Oscar Fraas, the original describer of Dyoplax, described the specimen as having "the head of a lizard and the armor of a gavial". When the taxon Pseudosuchia was first proposed in 1890, Dyoplax was considered one of the three genera within the clade, and was included within the family "Aetosauridae". Several other papers published in later years have also placed the genus within Pseudosuchia. In 1956 the genus was referred to Notochampsidae, now known as Protosuchidae. It was suggested to be a possible erpetosuchid in 1966, but was later classified as one of the earliest protosuchids in 1994.

In that same year a paper was published that identified several synapomorphies characteristic of the clade Aetosauria. This confirmed that Dyoplax was not within the order Aetosauria as had been previously speculated because it lacked four out of five of the synapomorphies associated with Aetosauria.
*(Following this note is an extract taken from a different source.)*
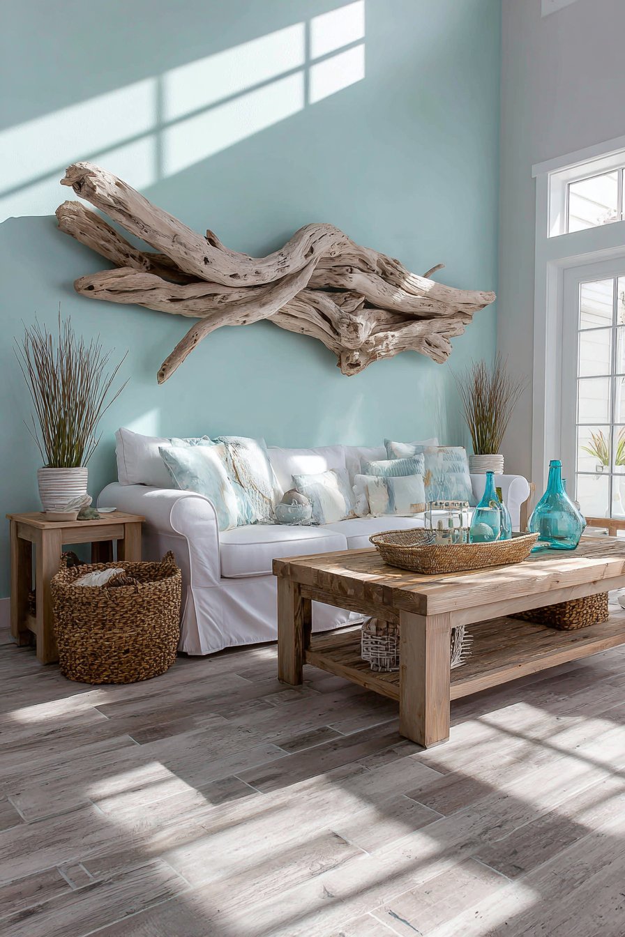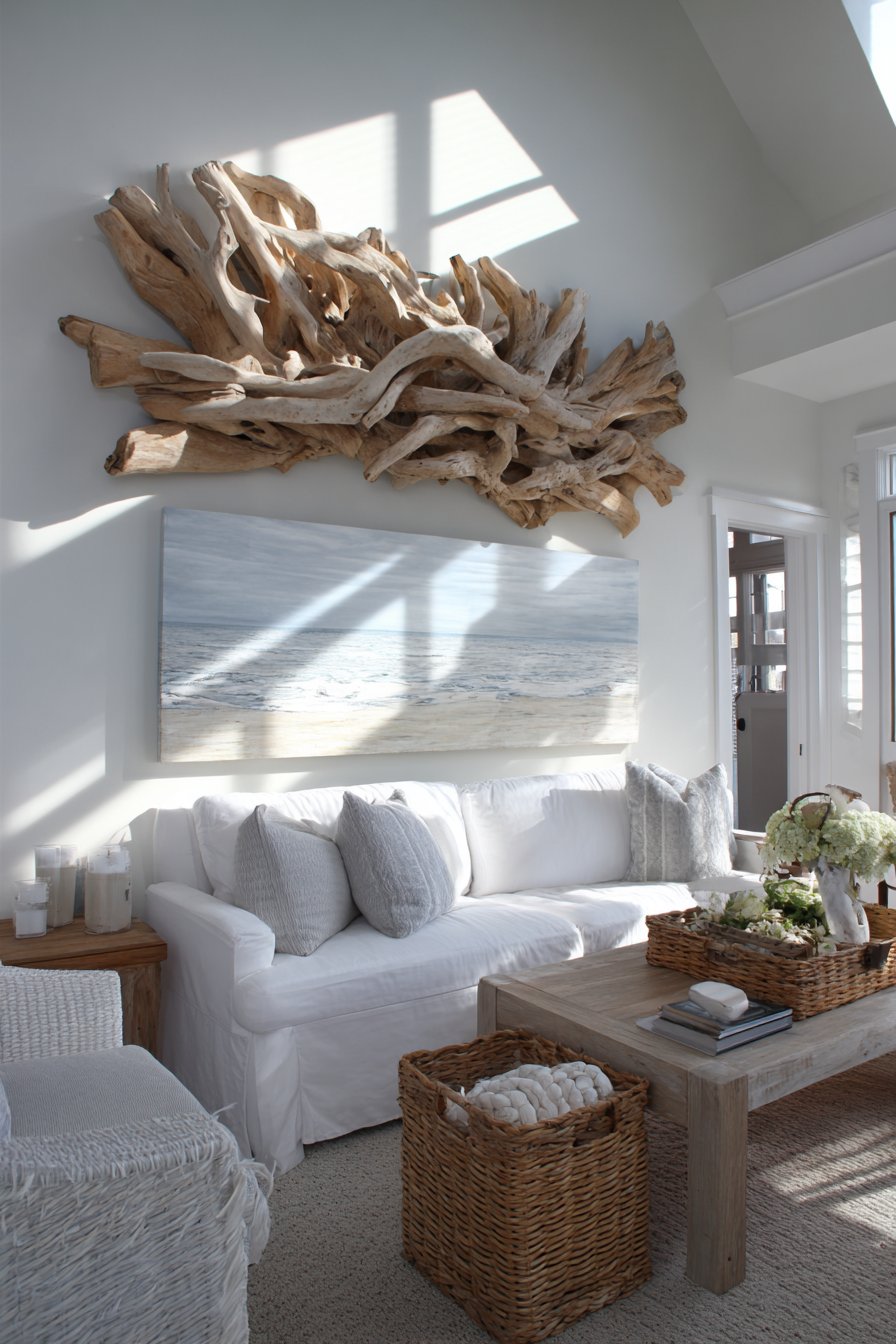 Coastal living embraces organic art through weathered driftwood sculpture. The six-foot piece mounts horizontally as focal artwork. Natural gray tones and curved forms bring beach memories indoors. The three-dimensional quality creates significant visual interest.

A paper published in 1998 by Spencer et al. considered Dyoplax to be within Sphenosuchia, a grade of basal crocodylomorphs. The authors claimed that all synapomorphies present within Crocodylomorpha, as defined in 1992 by Sereno & Wild, were present in Dyoplax. They further concluded that the genus had most of the synapomorphies common to Sphenosuchia, lacking only the forked posterior process of the squamosal. On this basis, the authors concluded that there was enough evidence to place Dyoplax within Sphenosuchia. The age of the specimen within the strata would make Dyoplax the oldest sphenosuchian known at the time, predating other genera from the late Carnian that were once thought to be the oldest members of Sphenosuchia such as Hesperosuchus and Parrishia. However, Maisch, Matzke and Rathgeber (2013) questioned the placement of Dyoplax within Crocodylomorpha, and argued that it shared important cranial and postcranial features with Erpetosuchus; the authors tentatively reassigned Dyoplax to Erpetosuchidae.

== Paleoecology ==
The Shilfsandstein Formation was deposited during the early Carnian stage of the Late Triassic (~ 228 million years ago) in a lagoonal paleoenvironment. Numerous bivalves, chondrichthyan fish such as Palaeobates, trematosaurian temnospondyls such as Metoposaurus, a phytosaur, and plants such as Neocalamites and Equisetites were also present in the paleoenvironment that existed at the time.